There is also a ghost one that I will post on Sunday. Your looking for a poker chip. It’s there. Say yes if found.


----------



## Nilda muniz (Aug 14, 2011)

Yes.


----------



## Pittgirl (Jan 6, 2017)

Yes


----------



## Candycounter1 (Mar 28, 2017)

Scary pumpkins & one poker chip
Yes!


----------



## JudithKnits (Sep 28, 2017)

Yes, but had to magnify.


----------



## PatK27 (Oct 13, 2016)

Yes.
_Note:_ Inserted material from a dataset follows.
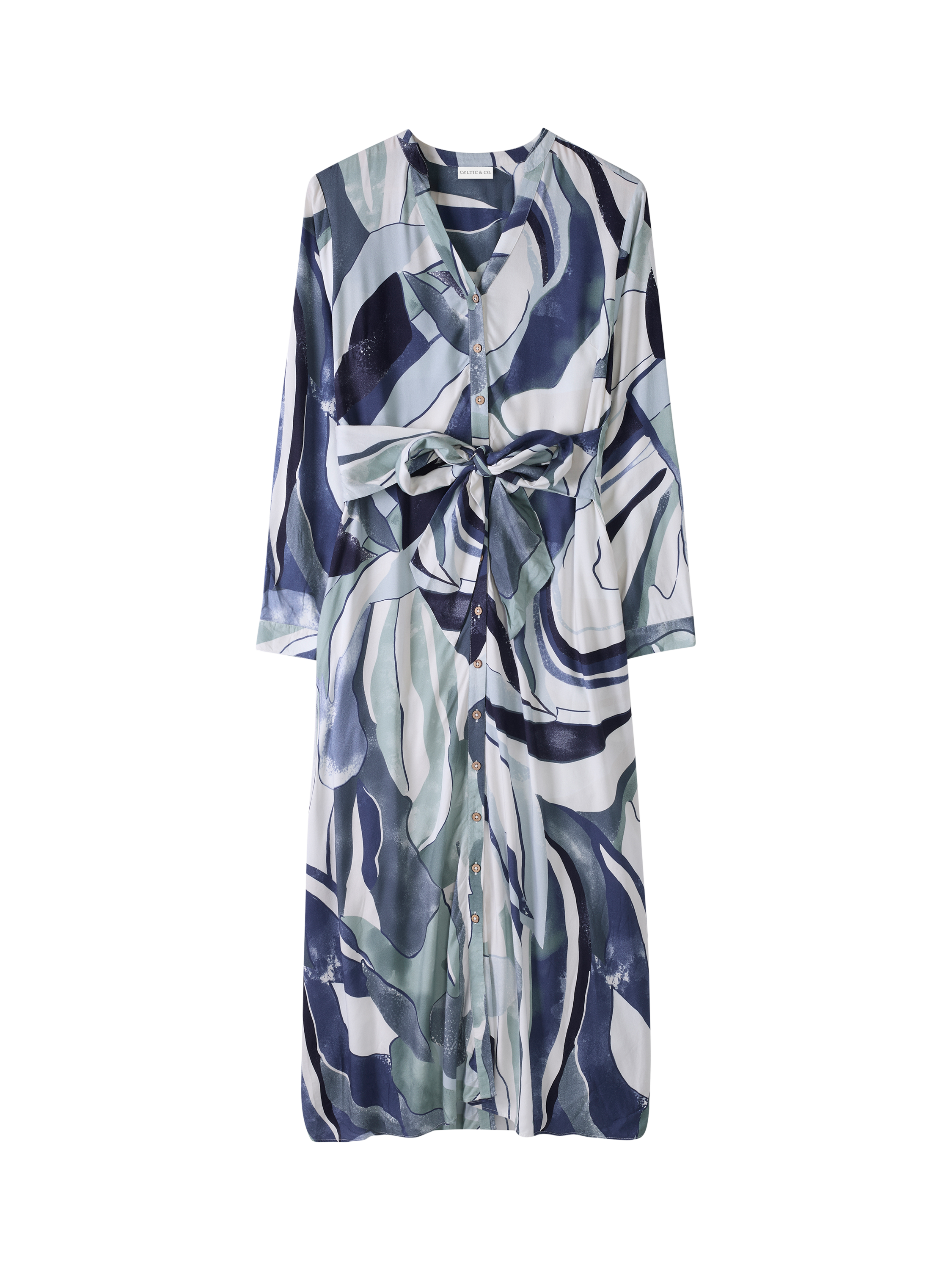 Made from a light and airy fabric that drapes beautifully, this button through midi dress has a full, flowing skirt. It can be tied at the front or back, and features a v-neckline with stand collar detailing, and long sleeves with cuff and button fastenings.

Thanks for sharing


----------



## leesbibben (Apr 3, 2019)

Yes


----------



## malfrench (Apr 7, 2011)

Yes


----------



## gmarie (Feb 8, 2012)

Yes.


----------



## Puppies101 (Nov 3, 2012)

Yes


----------



## crafterwantabe (Feb 26, 2013)

Yes


----------



## magaknits (Feb 16, 2018)

Yes


----------



## Corndolly (Mar 1, 2014)

Sorry but No! And I’ve spent ages looking.


----------



## flitri (Jun 13, 2011)

I can't find and I have magnified it too.


----------



## Karma666 (Aug 26, 2018)

I can't find it and I have looked 4 times. I am either blind or stupid.


----------



## Nana of 6 (Jan 21, 2016)

Yes but it took me a while. ????


----------



## Judy M (Feb 17, 2011)

No


----------



## agioblas (Jun 10, 2019)

sorry, don't know what a poker chip looks like.


----------



## Judy M (Feb 17, 2011)

agioblas said:


> sorry, don't know what a poker chip looks like.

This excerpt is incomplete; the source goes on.